The CDE said a number of participants noted that efforts to reform the labour market had to be premised on recognition that the labour market did not exist in isolation. Many labour market challenges had roots in problems elsewhere in society.

“For one participant, it was important to recognise that the challenges facing the labour market were less about contractual relations between equal parties, and more differential power and access to resources, and about ‘whether the poor in society have any power to get access to the resources that the wealthy and powerful are monopolising’,” the think tank said.

The CDE said a second participant took a different view, suggesting that a key reason why labour market reform had proved so difficult around the world and across time, was that labour market institutions “are part of the DNA” of societies.

For example, the American and German labour markets had shaped (and been shaped) by the nature of those societies.

Changing labour market institutions was difficult precisely because they were so deeply embedded in the terms of a society’s social contract.

The round table discussion was held in November and included experts from business, labour, academia and the government. The CDE said a comprehensive report on these issues would be published in the coming months.

The CDE said the discussion also heard why reforming the South African labour market was so difficult: labour institutions were having to bear the weight of expectations not being met by other institutions.
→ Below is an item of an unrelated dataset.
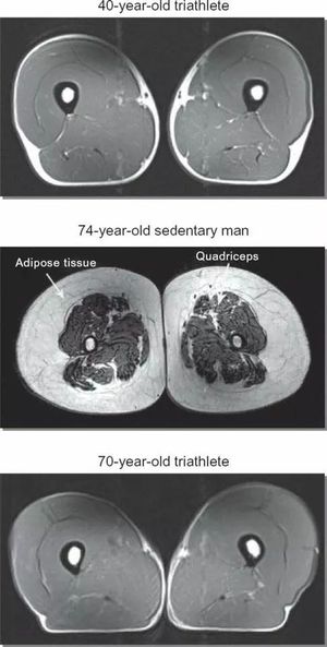 Need a reason to exercise? This study looked at how exercise can preserve muscle mass. Here they compare a 74-year old sedentary man and a 70-year old triathlete, and the difference in fat and muscle tissue is extreme. Wroblewski A, Amati F, Smiley M, et al. Chronic exercise preserves lean muscle mass in masters athletes. Physician Sports Med. 2011;39:172–178

Thus, in Marikana and elsewhere, the failures of local government were clearly making labour relations and wage negotiations more complex and fraught. Reforming the labour market might, therefore, be facilitated by resolving crises in other institutions.

The think tank said another participant argued that companies could have done more to provide leadership on social issues in and around Marikana.

“You’d have to be pretty blind if you are a platinum chief executive not to see what was happening to that region of the country.”